EXERCISE AIM
Output each entry verbatim and exclude every picture from it.

DATA FOR THIS TASK
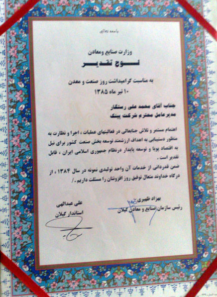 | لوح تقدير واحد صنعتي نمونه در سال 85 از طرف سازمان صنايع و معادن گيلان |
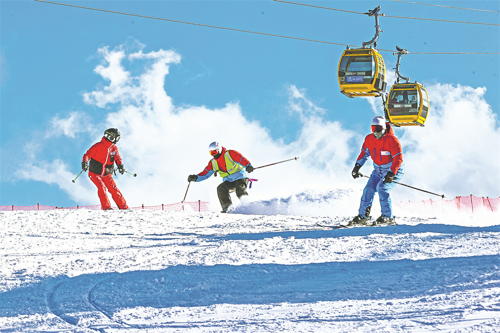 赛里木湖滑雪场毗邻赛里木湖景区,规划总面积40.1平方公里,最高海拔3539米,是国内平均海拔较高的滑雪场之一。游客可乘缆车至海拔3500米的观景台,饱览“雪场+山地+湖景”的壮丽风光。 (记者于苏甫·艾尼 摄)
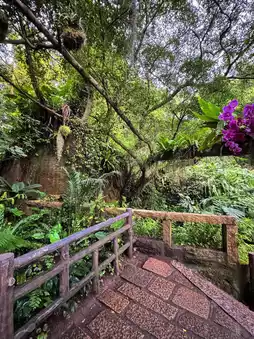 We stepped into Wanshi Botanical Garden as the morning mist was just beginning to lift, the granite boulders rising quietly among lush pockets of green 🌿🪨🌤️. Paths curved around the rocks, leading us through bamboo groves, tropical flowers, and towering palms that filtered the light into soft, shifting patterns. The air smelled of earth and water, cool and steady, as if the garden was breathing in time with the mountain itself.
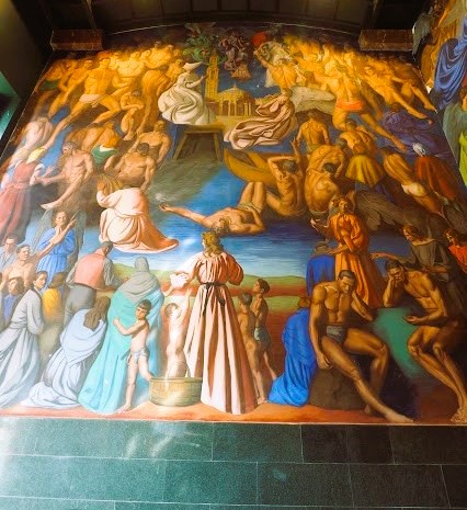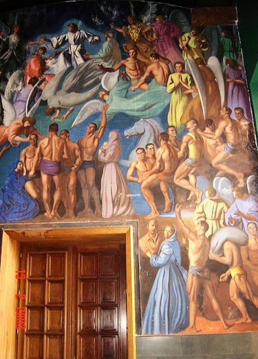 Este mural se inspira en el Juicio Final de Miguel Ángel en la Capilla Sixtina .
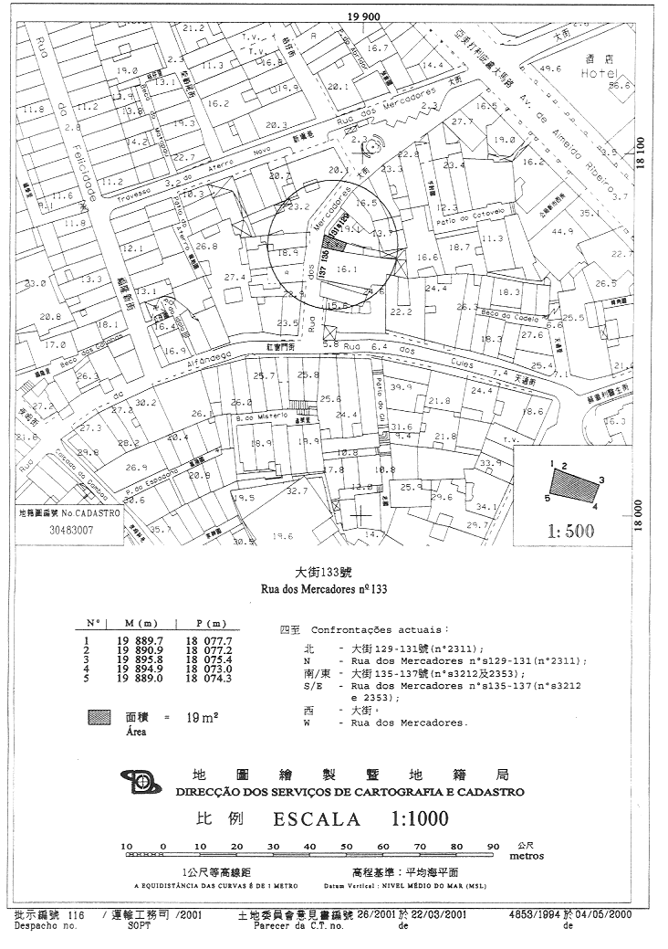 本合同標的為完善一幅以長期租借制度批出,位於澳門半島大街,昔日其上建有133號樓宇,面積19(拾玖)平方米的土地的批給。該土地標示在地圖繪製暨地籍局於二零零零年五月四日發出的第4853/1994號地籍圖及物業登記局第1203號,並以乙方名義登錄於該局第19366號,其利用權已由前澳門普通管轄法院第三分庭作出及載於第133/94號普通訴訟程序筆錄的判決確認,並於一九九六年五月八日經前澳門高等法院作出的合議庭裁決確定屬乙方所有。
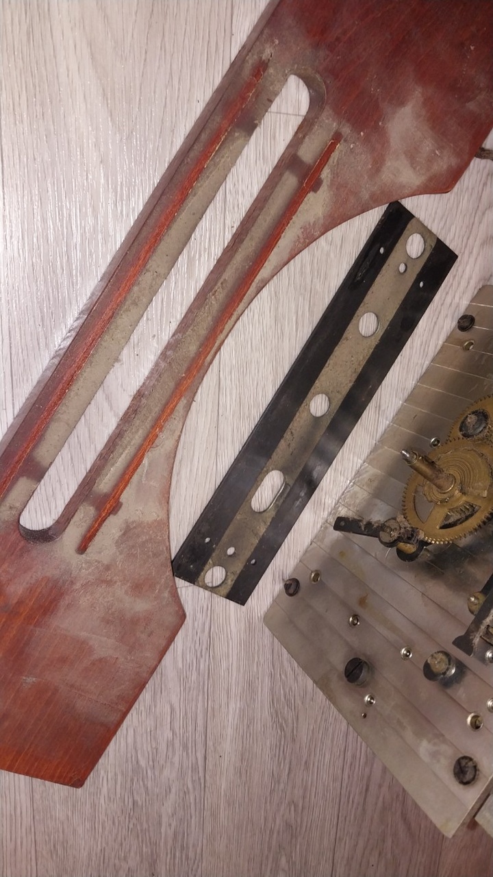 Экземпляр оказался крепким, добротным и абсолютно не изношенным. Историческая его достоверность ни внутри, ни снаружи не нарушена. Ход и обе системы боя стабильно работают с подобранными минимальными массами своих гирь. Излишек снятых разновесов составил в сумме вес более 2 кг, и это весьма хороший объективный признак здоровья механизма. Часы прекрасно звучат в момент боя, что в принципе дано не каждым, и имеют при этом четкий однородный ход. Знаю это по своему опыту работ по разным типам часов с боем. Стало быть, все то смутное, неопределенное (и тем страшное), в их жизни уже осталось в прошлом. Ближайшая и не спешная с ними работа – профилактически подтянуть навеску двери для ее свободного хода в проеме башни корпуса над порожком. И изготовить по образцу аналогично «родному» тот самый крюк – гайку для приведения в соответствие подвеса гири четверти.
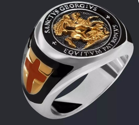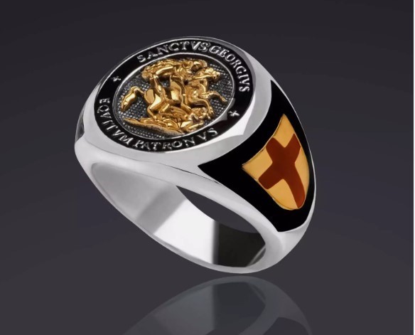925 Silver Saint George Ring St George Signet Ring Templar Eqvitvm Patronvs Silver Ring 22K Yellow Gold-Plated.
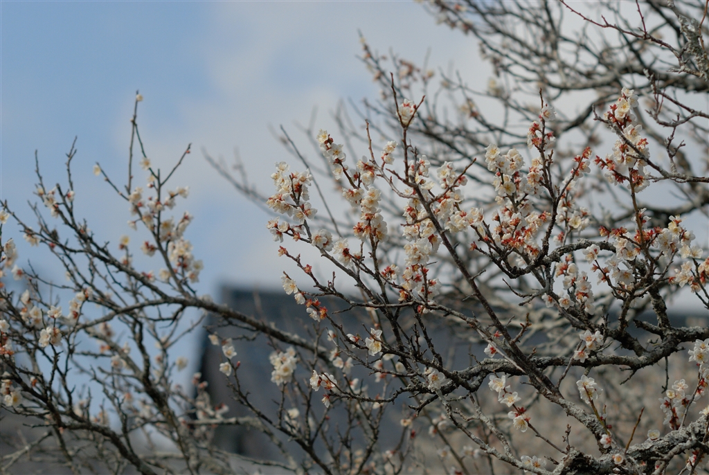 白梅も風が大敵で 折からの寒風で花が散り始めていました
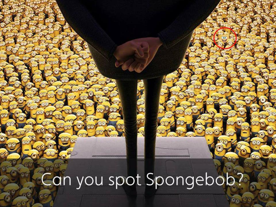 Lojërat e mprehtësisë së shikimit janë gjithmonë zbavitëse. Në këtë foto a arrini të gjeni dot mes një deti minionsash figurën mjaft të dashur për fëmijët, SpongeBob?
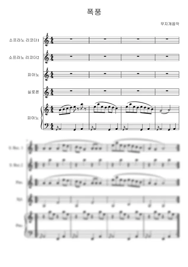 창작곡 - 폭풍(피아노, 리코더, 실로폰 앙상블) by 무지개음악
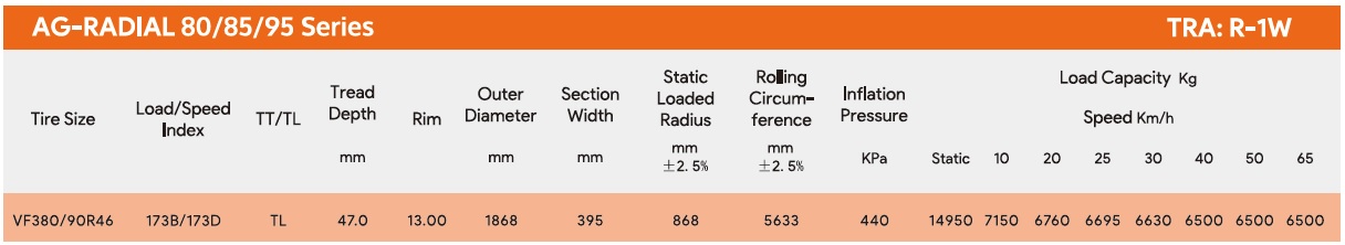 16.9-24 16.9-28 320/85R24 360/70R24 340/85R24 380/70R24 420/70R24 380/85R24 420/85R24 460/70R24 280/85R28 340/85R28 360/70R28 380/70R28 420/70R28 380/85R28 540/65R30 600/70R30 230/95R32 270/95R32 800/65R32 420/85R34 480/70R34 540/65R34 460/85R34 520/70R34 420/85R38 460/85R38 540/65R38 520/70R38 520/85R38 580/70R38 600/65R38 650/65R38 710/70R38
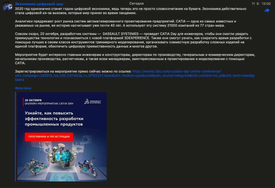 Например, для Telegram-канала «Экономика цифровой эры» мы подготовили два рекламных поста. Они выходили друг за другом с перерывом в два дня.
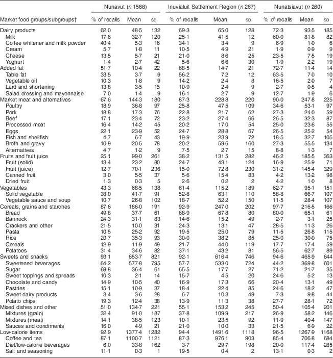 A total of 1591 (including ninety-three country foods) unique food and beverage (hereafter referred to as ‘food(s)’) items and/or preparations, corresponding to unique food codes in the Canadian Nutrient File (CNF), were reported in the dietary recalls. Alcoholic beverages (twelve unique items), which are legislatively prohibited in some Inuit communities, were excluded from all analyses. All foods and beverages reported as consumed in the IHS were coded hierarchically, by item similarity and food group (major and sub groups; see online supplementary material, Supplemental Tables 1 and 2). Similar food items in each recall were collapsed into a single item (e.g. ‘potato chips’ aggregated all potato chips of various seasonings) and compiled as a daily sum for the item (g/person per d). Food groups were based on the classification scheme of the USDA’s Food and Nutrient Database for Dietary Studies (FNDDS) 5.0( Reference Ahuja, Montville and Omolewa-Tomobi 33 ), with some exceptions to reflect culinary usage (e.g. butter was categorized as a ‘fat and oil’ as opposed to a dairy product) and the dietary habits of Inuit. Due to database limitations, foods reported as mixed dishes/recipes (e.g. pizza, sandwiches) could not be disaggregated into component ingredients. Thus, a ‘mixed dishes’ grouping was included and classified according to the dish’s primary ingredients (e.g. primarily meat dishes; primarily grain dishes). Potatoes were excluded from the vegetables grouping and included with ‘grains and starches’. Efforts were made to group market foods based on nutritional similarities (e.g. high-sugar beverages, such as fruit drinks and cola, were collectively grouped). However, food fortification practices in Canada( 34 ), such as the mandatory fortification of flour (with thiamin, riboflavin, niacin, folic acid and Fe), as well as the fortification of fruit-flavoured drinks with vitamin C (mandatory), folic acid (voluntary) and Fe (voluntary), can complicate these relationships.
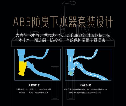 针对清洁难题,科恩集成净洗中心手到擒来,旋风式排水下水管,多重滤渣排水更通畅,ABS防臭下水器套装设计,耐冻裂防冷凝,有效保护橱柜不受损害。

ANSWER SPACE
 | لوح تقدير واحد صنعتي نمونه در سال 85 از طرف سازمان صنايع و معادن گيلان |
 赛里木湖滑雪场毗邻赛里木湖景区,规划总面积40.1平方公里,最高海拔3539米,是国内平均海拔较高的滑雪场之一。游客可乘缆车至海拔3500米的观景台,饱览“雪场+山地+湖景”的壮丽风光。 (记者于苏甫·艾尼 摄)
 We stepped into Wanshi Botanical Garden as the morning mist was just beginning to lift, the granite boulders rising quietly among lush pockets of green 🌿🪨🌤️. Paths curved around the rocks, leading us through bamboo groves, tropical flowers, and towering palms that filtered the light into soft, shifting patterns. The air smelled of earth and water, cool and steady, as if the garden was breathing in time with the mountain itself.
 Este mural se inspira en el Juicio Final de Miguel Ángel en la Capilla Sixtina .
 本合同標的為完善一幅以長期租借制度批出,位於澳門半島大街,昔日其上建有133號樓宇,面積19(拾玖)平方米的土地的批給。該土地標示在地圖繪製暨地籍局於二零零零年五月四日發出的第4853/1994號地籍圖及物業登記局第1203號,並以乙方名義登錄於該局第19366號,其利用權已由前澳門普通管轄法院第三分庭作出及載於第133/94號普通訴訟程序筆錄的判決確認,並於一九九六年五月八日經前澳門高等法院作出的合議庭裁決確定屬乙方所有。
 Экземпляр оказался крепким, добротным и абсолютно не изношенным. Историческая его достоверность ни внутри, ни снаружи не нарушена. Ход и обе системы боя стабильно работают с подобранными минимальными массами своих гирь. Излишек снятых разновесов составил в сумме вес более 2 кг, и это весьма хороший объективный признак здоровья механизма. Часы прекрасно звучат в момент боя, что в принципе дано не каждым, и имеют при этом четкий однородный ход. Знаю это по своему опыту работ по разным типам часов с боем. Стало быть, все то смутное, неопределенное (и тем страшное), в их жизни уже осталось в прошлом. Ближайшая и не спешная с ними работа – профилактически подтянуть навеску двери для ее свободного хода в проеме башни корпуса над порожком. И изготовить по образцу аналогично «родному» тот самый крюк – гайку для приведения в соответствие подвеса гири четверти.
925 Silver Saint George Ring St George Signet Ring Templar Eqvitvm Patronvs Silver Ring 22K Yellow Gold-Plated.
 白梅も風が大敵で 折からの寒風で花が散り始めていました
 Lojërat e mprehtësisë së shikimit janë gjithmonë zbavitëse. Në këtë foto a arrini të gjeni dot mes një deti minionsash figurën mjaft të dashur për fëmijët, SpongeBob?
 창작곡 - 폭풍(피아노, 리코더, 실로폰 앙상블) by 무지개음악
 16.9-24 16.9-28 320/85R24 360/70R24 340/85R24 380/70R24 420/70R24 380/85R24 420/85R24 460/70R24 280/85R28 340/85R28 360/70R28 380/70R28 420/70R28 380/85R28 540/65R30 600/70R30 230/95R32 270/95R32 800/65R32 420/85R34 480/70R34 540/65R34 460/85R34 520/70R34 420/85R38 460/85R38 540/65R38 520/70R38 520/85R38 580/70R38 600/65R38 650/65R38 710/70R38
 Например, для Telegram-канала «Экономика цифровой эры» мы подготовили два рекламных поста. Они выходили друг за другом с перерывом в два дня.
 A total of 1591 (including ninety-three country foods) unique food and beverage (hereafter referred to as ‘food(s)’) items and/or preparations, corresponding to unique food codes in the Canadian Nutrient File (CNF), were reported in the dietary recalls. Alcoholic beverages (twelve unique items), which are legislatively prohibited in some Inuit communities, were excluded from all analyses. All foods and beverages reported as consumed in the IHS were coded hierarchically, by item similarity and food group (major and sub groups; see online supplementary material, Supplemental Tables 1 and 2). Similar food items in each recall were collapsed into a single item (e.g. ‘potato chips’ aggregated all potato chips of various seasonings) and compiled as a daily sum for the item (g/person per d). Food groups were based on the classification scheme of the USDA’s Food and Nutrient Database for Dietary Studies (FNDDS) 5.0( Reference Ahuja, Montville and Omolewa-Tomobi 33 ), with some exceptions to reflect culinary usage (e.g. butter was categorized as a ‘fat and oil’ as opposed to a dairy product) and the dietary habits of Inuit. Due to database limitations, foods reported as mixed dishes/recipes (e.g. pizza, sandwiches) could not be disaggregated into component ingredients. Thus, a ‘mixed dishes’ grouping was included and classified according to the dish’s primary ingredients (e.g. primarily meat dishes; primarily grain dishes). Potatoes were excluded from the vegetables grouping and included with ‘grains and starches’. Efforts were made to group market foods based on nutritional similarities (e.g. high-sugar beverages, such as fruit drinks and cola, were collectively grouped). However, food fortification practices in Canada( 34 ), such as the mandatory fortification of flour (with thiamin, riboflavin, niacin, folic acid and Fe), as well as the fortification of fruit-flavoured drinks with vitamin C (mandatory), folic acid (voluntary) and Fe (voluntary), can complicate these relationships.
 针对清洁难题,科恩集成净洗中心手到擒来,旋风式排水下水管,多重滤渣排水更通畅,ABS防臭下水器套装设计,耐冻裂防冷凝,有效保护橱柜不受损害。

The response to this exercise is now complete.